Would you copy exactly the lines in the data below from the one that has "聯(lián)想M7615D" through the one that has "지난 15일 오후 5시", dropping any pictures?

EXTRACTED DATA:
┄┄┄┄┄┄┄┄┄┄┄┄┄┄┄┄┄┄┄┄

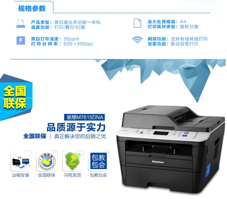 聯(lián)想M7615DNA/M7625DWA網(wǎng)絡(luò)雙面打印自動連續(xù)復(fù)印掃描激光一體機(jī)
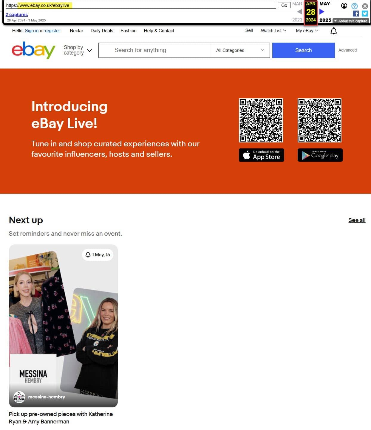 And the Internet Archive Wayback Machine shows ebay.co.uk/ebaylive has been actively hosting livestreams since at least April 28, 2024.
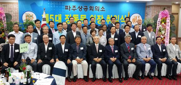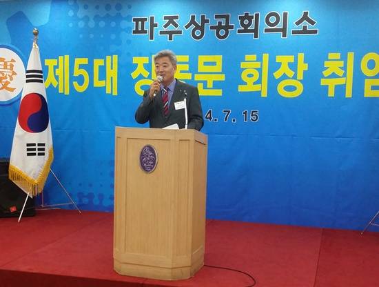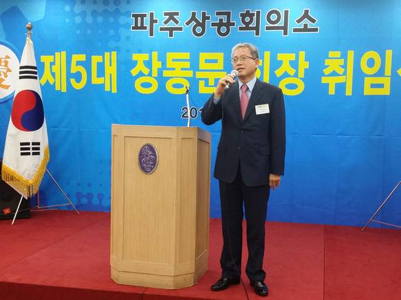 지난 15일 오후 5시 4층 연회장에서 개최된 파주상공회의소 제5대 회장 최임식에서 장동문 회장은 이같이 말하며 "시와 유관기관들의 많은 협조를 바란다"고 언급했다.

┄┄┄┄┄┄┄┄┄┄┄┄┄┄┄┄┄┄┄┄

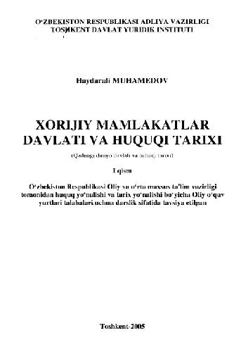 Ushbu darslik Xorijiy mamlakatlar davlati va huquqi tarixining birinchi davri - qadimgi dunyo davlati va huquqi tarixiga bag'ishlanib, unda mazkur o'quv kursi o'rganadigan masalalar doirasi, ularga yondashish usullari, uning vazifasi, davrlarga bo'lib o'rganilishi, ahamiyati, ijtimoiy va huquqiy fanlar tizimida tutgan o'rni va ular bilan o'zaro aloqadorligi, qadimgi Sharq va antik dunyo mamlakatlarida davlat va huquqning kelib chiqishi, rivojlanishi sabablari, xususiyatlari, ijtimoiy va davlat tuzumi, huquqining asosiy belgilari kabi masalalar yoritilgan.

┄┄┄┄┄┄┄┄┄┄┄┄┄┄┄┄┄┄┄┄

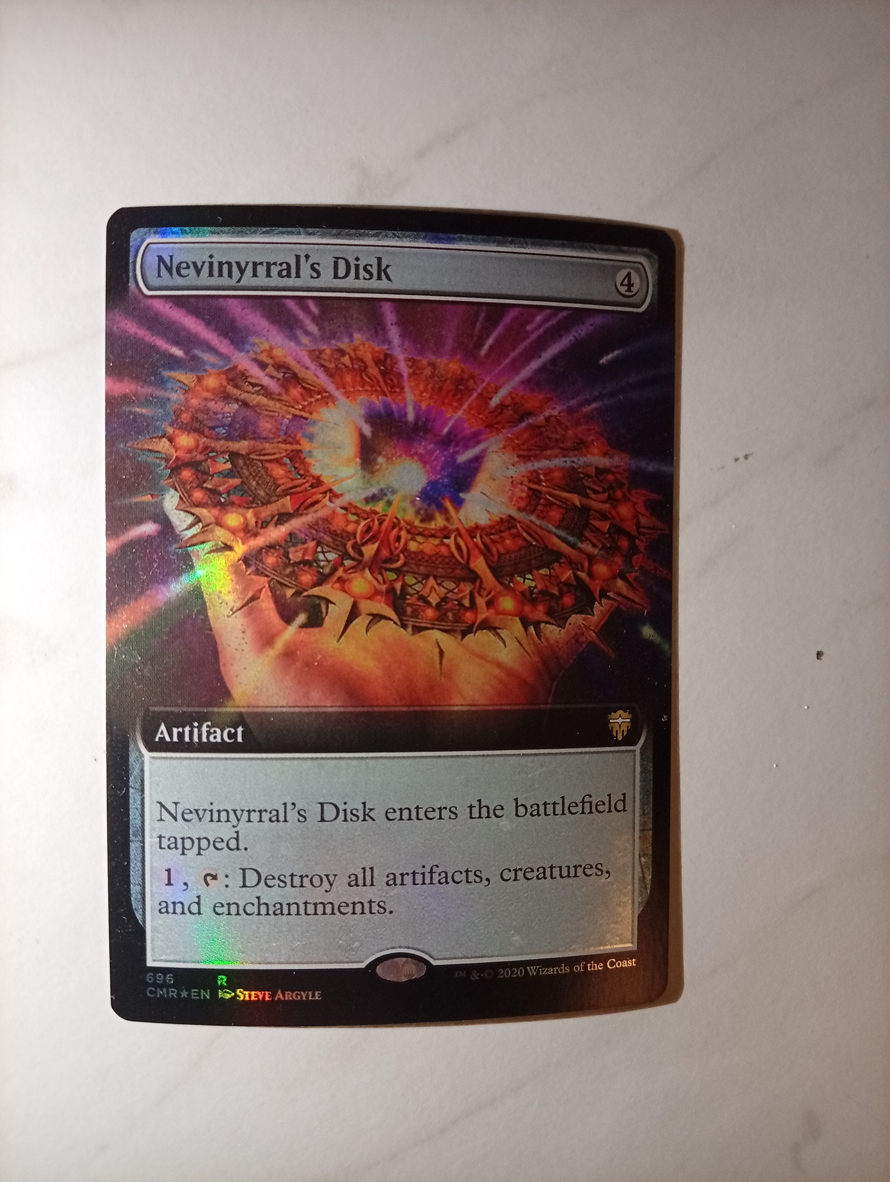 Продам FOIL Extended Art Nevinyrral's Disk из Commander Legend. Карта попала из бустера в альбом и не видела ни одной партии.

┄┄┄┄┄┄┄┄┄┄┄┄┄┄┄┄┄┄┄┄

RESPONSE FOR THIS EXERCISE:
 聯(lián)想M7615DNA/M7625DWA網(wǎng)絡(luò)雙面打印自動連續(xù)復(fù)印掃描激光一體機(jī)
 And the Internet Archive Wayback Machine shows ebay.co.uk/ebaylive has been actively hosting livestreams since at least April 28, 2024.
 지난 15일 오후 5시 4층 연회장에서 개최된 파주상공회의소 제5대 회장 최임식에서 장동문 회장은 이같이 말하며 "시와 유관기관들의 많은 협조를 바란다"고 언급했다.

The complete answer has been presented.